K = np.array([[600.,0.,310.],[0.,600.,235.],[0.,0.,1.]])
sq = 0.03
pts2d = np.array([[i*sq, j*sq] for i in range(6) for j in range(6)])
pts2d_h = np.column_stack([pts2d, np.ones(len(pts2d))])

def get_V_matrix(views):
    def vij(H, i, j):
        h = H.T
        return np.array([h[i,0]*h[j,0],h[i,0]*h[j,1]+h[i,1]*h[j,0],
                         h[i,1]*h[j,1],h[i,2]*h[j,0]+h[i,0]*h[j,2],
                         h[i,2]*h[j,1]+h[i,1]*h[j,2],h[i,2]*h[j,2]])
    V = []
    for R, cam in views:
        t = -R @ cam
        r1,r2 = R[:,0], R[:,1]
        H = K @ np.column_stack([r1,r2,t]); H = H/H[2,2]
        V.append(vij(H,0,1)); V.append(vij(H,0,0)-vij(H,1,1))
    return np.array(V)

# Low diversity: 5 views nearly front-on (small tilt range)
views_low = [(Rx(np.deg2rad(a)) @ Rz(np.deg2rad(b)), np.array([0.,0.,-0.9]))
             for a,b in [(-5,2),(-6,1),(-4,3),(-5,-2),(-7,0)]]

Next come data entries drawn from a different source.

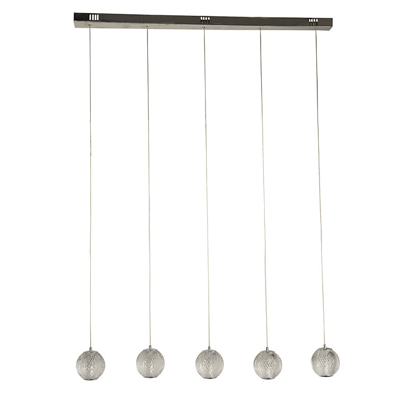 Anglické světlo Allure s pěti stínidly je vyrobené z kovové základny v barvě chromu, stříbrné lesklé a akrylových stínidel s drobným brošeným vzorem. Výšku lustru můžete libovolně zkrátit. Světlo svítí 21W teplou, bílou barvou, 3000K. Světlo lze stmívat. Kombinujte s osvětlením ve shodné sérii.
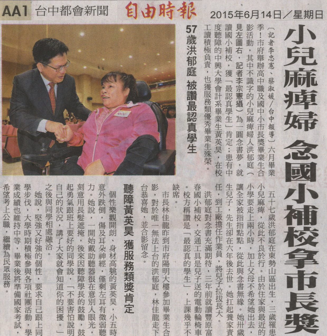 六月畢業季!市府舉辦高中職及國中小市長獎畢業生合影活動,其中不識字的小兒麻痺婦人洪郁庭為一圓念書夢,就讀國小補校,獲「最認真學生」肯定;患有中度聽障的中興大學會計系畢業生黃英昊,在校工讀積極負責,也獲服務類優秀畢業生殊榮。
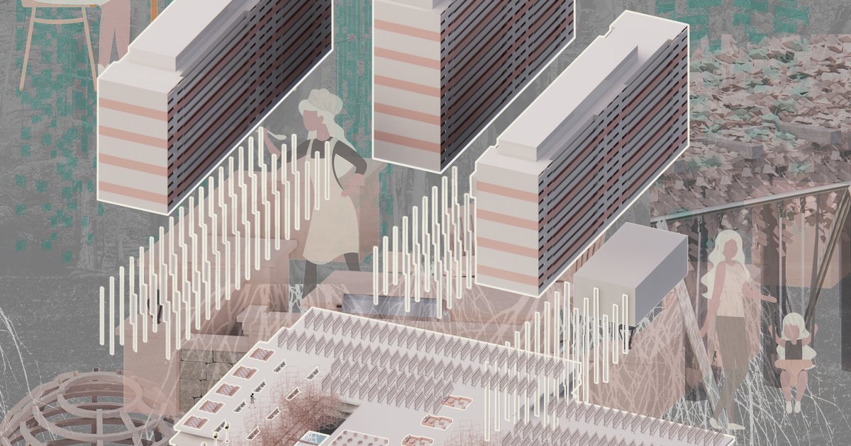 The 'Parasite and Host' relationship between an inserted urban sanctuary and a typical public housing 'podium + tower block' typology in Singapore. A tropical urban living room providing urban fabric of life that favors interaction in the community, which enables deep dive into collective community values, emotion and spirit of life.
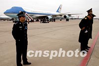 中國軍警二十二日在北京機場嚴密保衛美國總統布什乘坐的空軍一號專機。中新社記者 賈國榮 攝

# High diversity: 5 views with substantial tilt and rotation variation
views_high = [(Rx(np.deg2rad(a)) @ Rz(np.deg2rad(b)), np.array([0.,0.,-0.85]))
              for a,b in [(-10,15),(-25,-10),(-15,25),(-30,5),(-20,-20)]]

V_low  = get_V_matrix(views_low)
V_high = get_V_matrix(views_high)

print(f"Low angular diversity:  cond(V) = {np.linalg.cond(V_low):.1f}")
print(f"High angular diversity: cond(V) = {np.linalg.cond(V_high):.1f}")
print("\nHigher diversity → lower condition number → more stable K estimate.")
Low angular diversity:  cond(V) = 2809442443412908277760.0
High angular diversity: cond(V) = 2787940925421477429248.0

Higher diversity → lower condition number → more stable K estimate.